Photographs in the Geological works

        Photographs are a key part of most geological fieldwork. They can serve as an aide memoire , be used for image analysis to document changes in an exposure over time and are also essential to illustrate key geological features in a report, talk or publication. As outlined in this Section. it is very important in the field not only to take a photograph but also to make field notes and sketches, because a photograph is not a replacement for a field sketch. A field sketch records how you have divided up the succession, provides a key to further notes and shows some geological interpretation. The photographs taken should be recorded in your field notebook and electronic information on the geological features and location added either through the camera or image processing software.

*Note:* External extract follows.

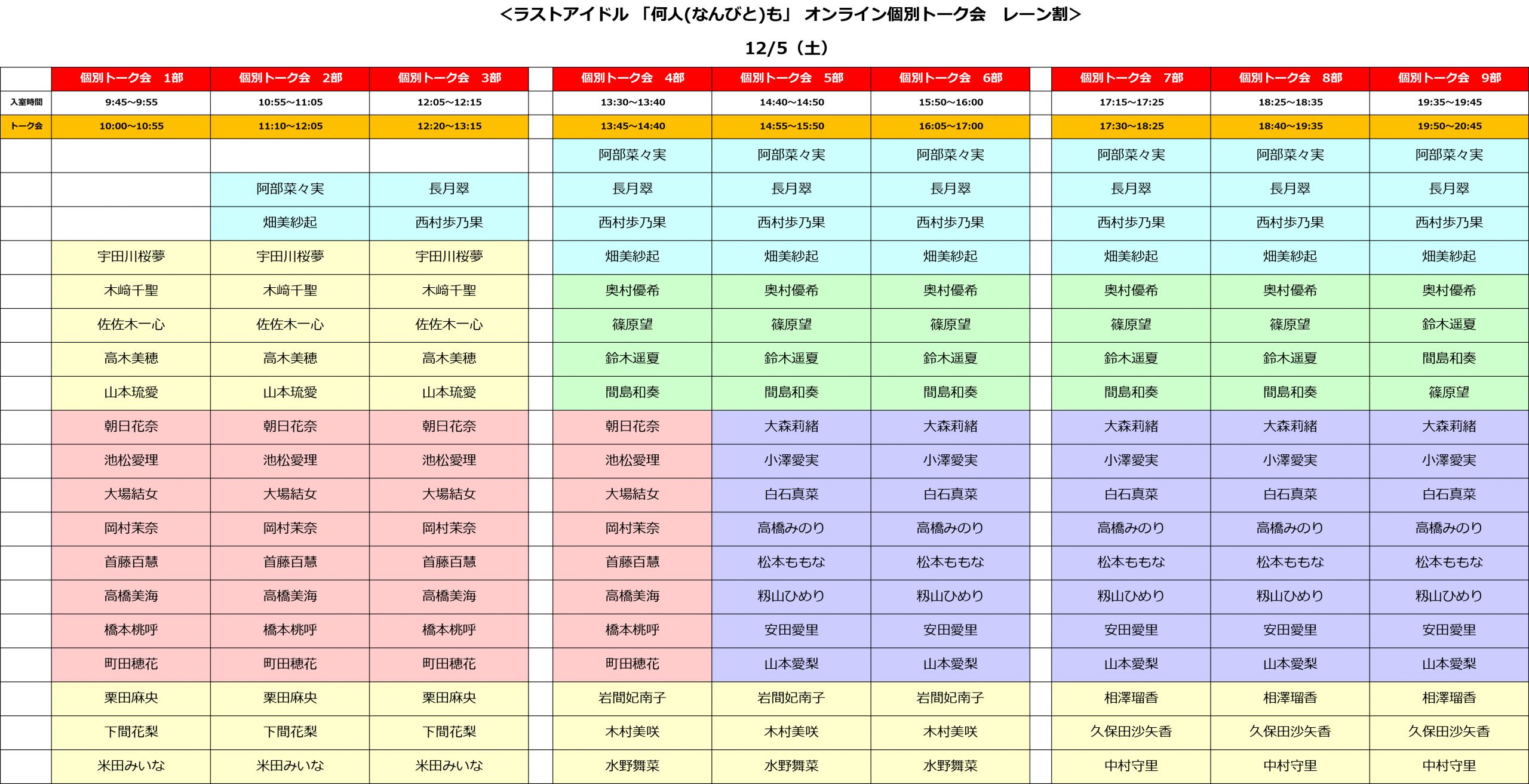 ・参加されるお客様は、必ずレーン割タイムテーブルに記載された各部の入室時間内に「EVENT SCHEDULE」画面までお進みください。入室時間内に手続きがされていない場合は、参加権利は失効となり、参加権利をお持ちでもオンライン個別トーク会には参加いただけません。

     The detailed advantages and disadvantages of the wide range of cameras available on the market are outside of the scope of this book, so here we provide some general comments. Digital single - lens reflex (SLR) cameras provide the most amount of flexibility for a range of lighting conditions and types of photograph; they also generally have better lenses. However, many compact cameras give excellent results and have the added advantage that they are small and light. As with Personal Digital Assistants (PDAs), etc. check if the screen is visible under strong lighting conditions. This is essential when the camera does not have a view finder. If the camera does have a view finder but is not an SLR, the view finder does not usually give an exact representation of the frame of the
photograph so you may need to work out exactly what that is if you wish to frame your subject exactly. Even with digital SLRs the view is not exactly the same. Cameras with good reviews for outdoor and scenic use will probably give the best geological field photographs. A good macro lens setting is advantageous if you are going to take a lot of close up photographs. In addition cameras that are sensitive to a wide range of lighting conditions allow maximum flexibility. There is almost no limit to the number of photographs you can take with a digital camera, provided that is you have enough memory and battery capacity for the camera. This means you can take many more photographs than you will eventually use.

The following tips may help give you a set of photographs that cover all eventualities.

  • Make the first photograph at a locality a general view; this will remind you of where the photographs that follow on were taken.
  • Take both general views and close - up views of different features.
  • Take note of the lighting conditions. The best view under sunny conditions is often with the sun behind you, so this may mean returning to a locality at a different time of day to get the best lighting. Cloudy conditions provide a more even light, but sunny conditions can show some geological features better.
  • If the lighting conditions are poor or variable take several shots with different settings. Note
    that underexposed digital photographs can be processed later to achieve a good image whereas overexposed photographs do not record all of the information. In Figure  , (b) is better than (a).
    (a) Auto setting. (b) After using a white balance card to adjust the balance for the lighting conditions (seek advice from professional photographer/ photographic shop).
  • If you are using the photograph for image analysis ensure that it does not have any edge distortion, for instance that produced by using a wide - angle setting, or taking photos with the lens set to 50 mm or longer focal length. You will also need to take account of white balance under different lighting conditions.
  • Under low lighting conditions a tripod is useful; if you do not have a tripod with you try setting the camera up on a rock and using the self-timer or a remote shutter release.
  • If you are working where weather conditions are bad consider purchasing a waterproof camera case of the type used by divers for underwater photography.
  • If you are taking a lot of photographs, for instance of shell beds or fi ne - scale detail, take the photographs in stratigraphic order to avoid confusion and consider marking the rocks in some manner, for instance with a marker pen, correction fluid or a tile scribe, so you know how the different photographs relate to each other.
  • In most instances it is best if you stand perpendicular to the object being photographed.
  • You can use the white pages of a notebook to reflect light into the shadowed portions of exposures, especially under  overhangs.
  • Include a scale or make a note of the size of the area being photographed. Depending on the subject of the photograph this could be anything from another person to a ruler, camera lens cap, coin or penknife. For small – scale photographs a finger is also useful and one of the advantages of this is that you will not inadvertently leave it behind! Ideally with medium and small objects use a metric scale rather than an object such as a lens cap or coin because these have variable dimensions. In addition the scale should preferably be of a neutral colour (grey) so that it will not unduly affect photographic exposure. Alternatively draw a scale on the cover of your notebook with a bold marker pen.
  • When taking a photograph of an area you have sketched consider including the field notebook page in one corner of one of the photographs as a means of cross referencing between the photographs and your field notebook (assuming the field of view is appropriate).
  • Assuming you are using a digital camera check, using the camera display screen, the exposure and as far as possible that the focus is OK before you leave the locality so that you can take another photograph if necessary.